■ **Problem to work on**: Your job is to give again, exactly and with no additions, the lines in the records below from the one with "校党委书记李宝银带领学校办公" through the one with "Elevate Workspace: Maximize", both included. Omit the pictures.

■ **Record extracts**:
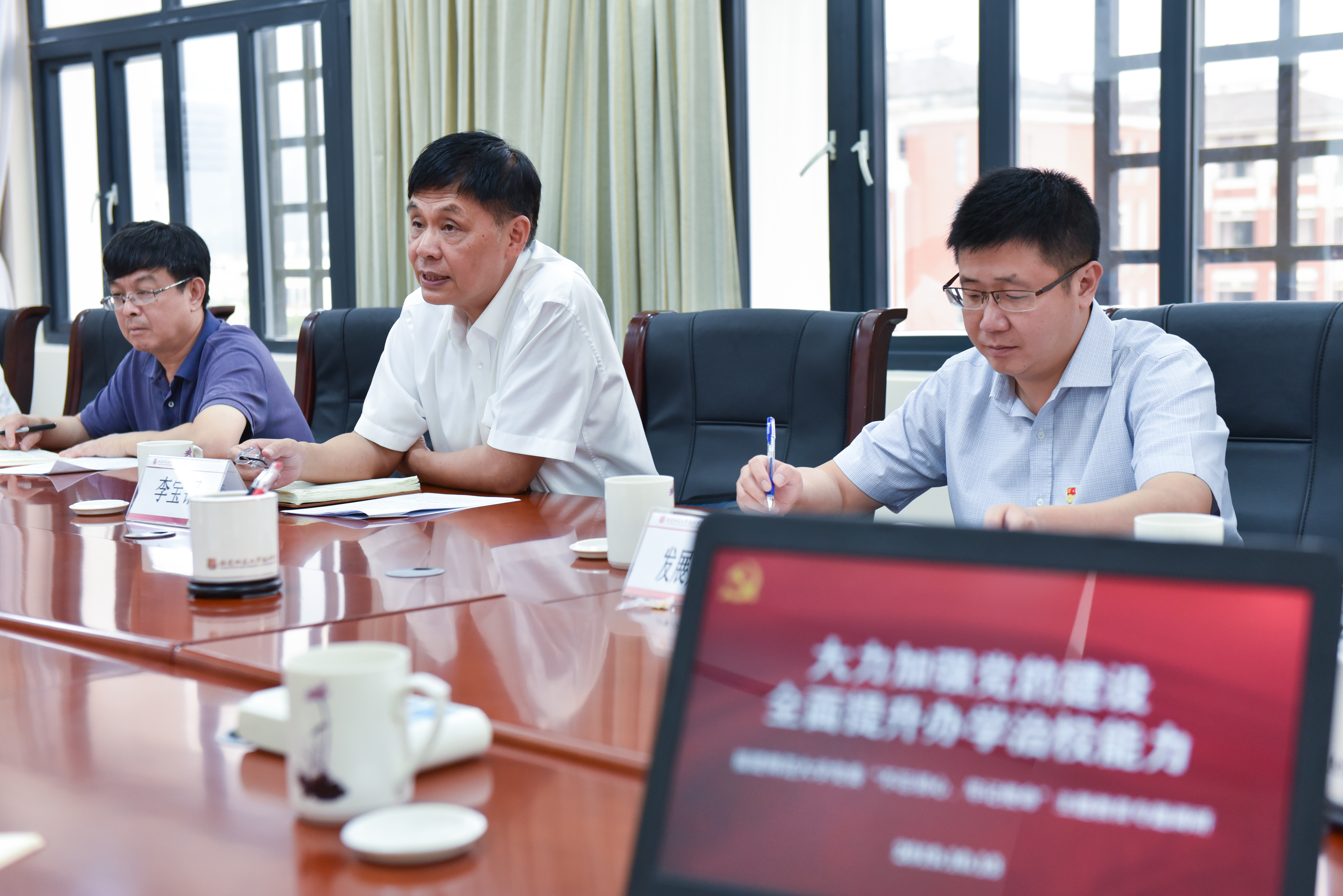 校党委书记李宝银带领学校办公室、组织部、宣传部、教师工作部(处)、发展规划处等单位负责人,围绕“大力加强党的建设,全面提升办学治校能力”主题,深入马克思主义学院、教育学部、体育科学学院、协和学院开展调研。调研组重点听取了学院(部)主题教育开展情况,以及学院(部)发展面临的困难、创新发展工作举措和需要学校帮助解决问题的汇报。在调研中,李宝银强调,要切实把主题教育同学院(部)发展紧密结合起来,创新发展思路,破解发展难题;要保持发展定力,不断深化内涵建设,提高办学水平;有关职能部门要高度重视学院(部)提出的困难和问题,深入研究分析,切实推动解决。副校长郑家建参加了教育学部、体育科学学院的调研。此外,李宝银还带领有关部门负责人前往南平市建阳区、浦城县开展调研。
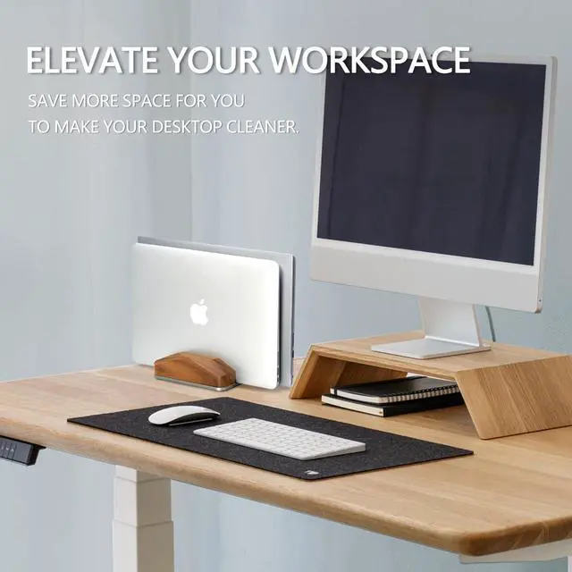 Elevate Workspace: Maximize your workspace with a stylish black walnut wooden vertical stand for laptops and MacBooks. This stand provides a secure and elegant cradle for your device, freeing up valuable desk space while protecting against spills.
==
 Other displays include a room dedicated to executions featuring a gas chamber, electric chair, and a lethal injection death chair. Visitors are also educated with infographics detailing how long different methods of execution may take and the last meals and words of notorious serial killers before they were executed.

■ **Task result**:
 校党委书记李宝银带领学校办公室、组织部、宣传部、教师工作部(处)、发展规划处等单位负责人,围绕“大力加强党的建设,全面提升办学治校能力”主题,深入马克思主义学院、教育学部、体育科学学院、协和学院开展调研。调研组重点听取了学院(部)主题教育开展情况,以及学院(部)发展面临的困难、创新发展工作举措和需要学校帮助解决问题的汇报。在调研中,李宝银强调,要切实把主题教育同学院(部)发展紧密结合起来,创新发展思路,破解发展难题;要保持发展定力,不断深化内涵建设,提高办学水平;有关职能部门要高度重视学院(部)提出的困难和问题,深入研究分析,切实推动解决。副校长郑家建参加了教育学部、体育科学学院的调研。此外,李宝银还带领有关部门负责人前往南平市建阳区、浦城县开展调研。
 Elevate Workspace: Maximize your workspace with a stylish black walnut wooden vertical stand for laptops and MacBooks. This stand provides a secure and elegant cradle for your device, freeing up valuable desk space while protecting against spills.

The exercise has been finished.